A lovely post indeed.


I really enjoyed reading this post. You have some great Halloween memories!

Heather on her travels

Wow, that's a lot of Halloween fun for one post or eaven one day!


What a great story and a wonderful memory! I really enjoyed this post and I am hoping you are feeling a bit better!


Loved reading about your family's travel. It is wonderful to see how travel can really bring a family together.


Great Halloween post. We returned from Europe just a week before Halloween and I was surprised at how widely the holiday has caught on since the years I lived there, back in the 70s and 80s. Thanks for visiting my blog. I think I'm going to put you on my blogroll. But remember, there is still something of value to traditional newspapers!

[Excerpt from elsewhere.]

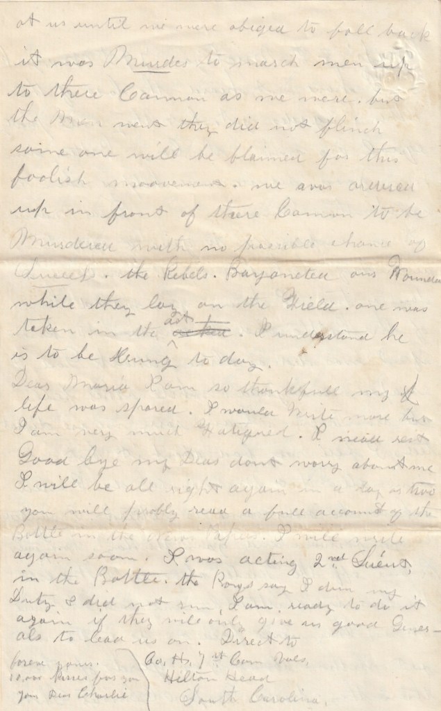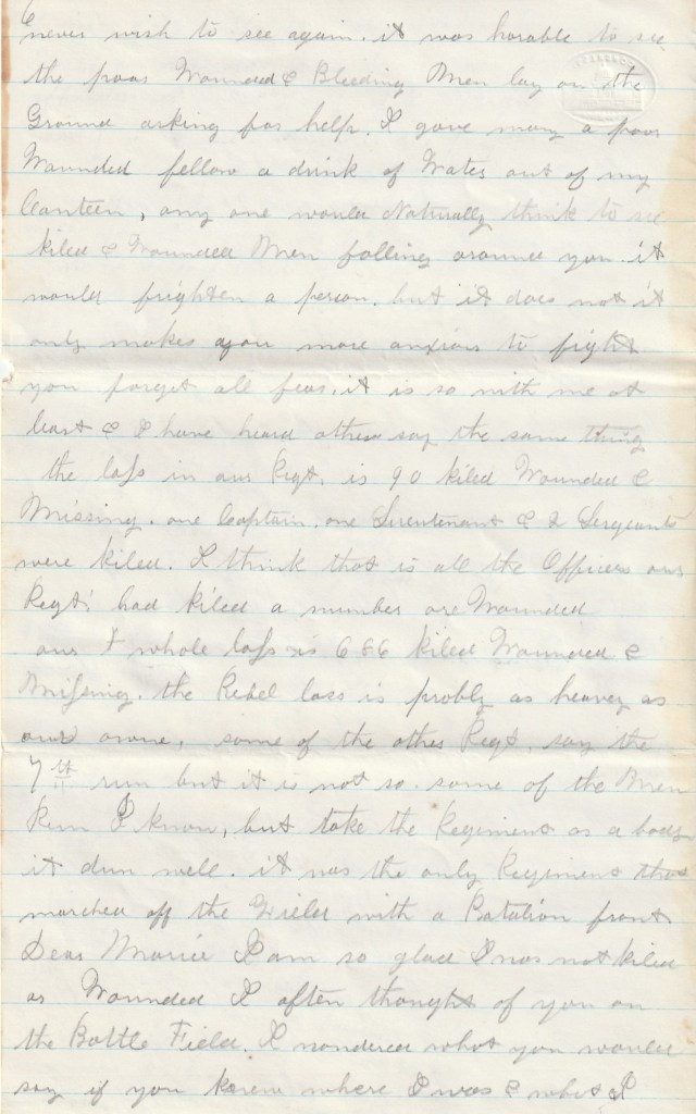 Dear Maria, it is impossible to give a correct account of the battle now. I will in a day or two. I knew you would hear of the battle and be anxious to know if I was dead or alive. Thank God I escaped uninjured while others fell all around me. I am sorry we are defeated. I feel very bad about it but we done all the men could do. I cried when the order came to retreat. I wanted to go forward and gain the day. How I ever came off the field alive in a miracle. The bullets whistled by my ears like hail stones. They never fired on us until we got within about 300 yards of them. Then they poured grape & canister shot at us until we were obliged to fall back. 4 It was murder to march men up to these cannons as we were but the men went. They did not flinch.

How fun! What a great Halloween you had! My girls were feeling down about being in Brazil for Halloween because we were told it is not celebrated here. However, that information was wrong! My two teens were invited to a costume party at a local restaurant and my 9 year old was invited to a friend's house where trick or treating was done. They all three got to dress up which is what they really wanted and no one felt they had been deprived of anything after it was all done.

Tara Weed

One our favorite holidays on the road full-time in the states is Halloween. We have been in 11 different locations for it and always find a fun neighborhood. We love hearing locals debate over the best place to go or finding out in St. Louis you need to tell a joke before you get a treat. Salem, MA or Witch City as it is known is a must see crazy Halloween destination. We don't even know where we will be yet for Halloween 2010 but we know it will be good.